Owner Occupant Investment Property
by Peter Krzyzanowski
We talk to people everyday that tell us they are sick of paying rent, but aren’t yet ready to commit to buying a property for themselves. That commitment is a concern when there are uncertainties in someone’s future. In Chicago, if someone will be in the city for 3 years they are usually better off buying their home than renting it… but what if they MAY be here, but they MAY also pursue an opportunity somewhere else? What if their job isn’t as stable, or they are thinking of going back to school, or they don’t have a lot of money saved for a down payment, or they aren’t making as much now as they might be in the future? There are plenty of valid reasons someone might not be excited about owning property. All of those reasons come from looking at owning property as a liability. In many cases, that’s valid… you have a monthly payment due every single month and it’s not as easy to move as just leaving at the end of a lease or subletting. We get it!
But… what if… we look at it another way? Instead of looking at the property as a liability, we look at it as an asset. What’s the difference? An asset brings money to your pocket… a liability takes it out. Rent is a liability, just like a mortgage payment. Turning your future home from a liability to an asset is the key. So how do we do that for our clients? As with most things that seem complicated at first, it’s usually just a matter of providing some education and breaking it down to understand how it all works.. We’ve helped several clients over the past few years turn their home in to an asset that helps pay for itself. We didn’t go in and rebuild people’s homes… we help them buy owner-occupied multi-unit properties… one building that has between 2-4 units. They live in one and rent out the other(s). These buyers are thrilled with their decisions. They tell us that they now own a property and are paying out only $500-1000 per month because of the rental income from the other units. Once they are ready to move on to a different home (or city) that property becomes an asset, paying for itself (and usually more) through rental income.
There are a few key items that give owner-occupant buyers a leg up… first off, they get a lower interest rate than a traditional investor might on the same property. Banks like to see people living in the homes they finance because owners generally take better care of their properties. Owner-occupant investors get to enjoy that lower rate for all 30 years of the loan, whether they live there or not (as long as they plan to live there for a year). Second, owners that occupy their properties don’t need to have as large of a down payment as investors buying the same building. Because banks see less risk with owner-occupants, they can buy a property with as little as 3.5% down payment on an FHA loan. Compare that to a traditional investor that needs a 25-30% down payment. Third, owner-occupant investors are better prepared to weather any changes in the real estate market than traditional home buyers because they have other people’s income to help pay the mortgage. Where a traditional buyer may have 1 or 2 incomes to support the mortgage payment. The owner-occupant investor may have 4-10 (depending on number of units) incomes to support their mortgage payments. It’s possible that 1 or 2 people lose their income, but highly unlikely that all 8 people living in a 4 unit building will lose their incomes. That’s diversifying!
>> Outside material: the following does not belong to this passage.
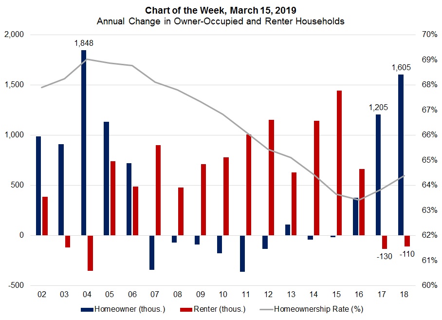 MBA forecasts for purchase originations to increase around 4% to $1.24 trillion in 2019, with another year of growth to $1.27 trillion in 2020. What’s behind the optimistic forecast? According to the U.S. Census Bureau, there were 1.6 million additional owner-occupied households in 2018 – the largest annual increase since 2004. In addition to the healthy labor market, improving supply conditions (in some markets) and moderating home-price growth, downsizing baby boomers and more millennials entering their prime buying years are creating sustained demand for home purchases. This week’s chart takes a look at the annual change in owner-occupied and renter households from 2002-2018. After nine years of mostly contraction in owner-occupied households, it’s hard not to notice that 2018 was the third straight year of growth. This trend is likely to continue.

The fourth and final reason, is that real estate is really the only leveraged investment that is available to the average person. Leverage means that while only paying a small portion of the total cost of an asset, the average person can participate in 100% of the income and appreciation of that asset.
So if owner-occupant investors are better off than traditional investors AND traditional owner-occupants, why doesn’t everyone do this? We’ve said it before and we’ll say it again… it’s simply a matter of education. They don’t have a real estate advisor who has been through this personally, understands their concerns, and can teach them about all of it so they can make the best decision for themselves.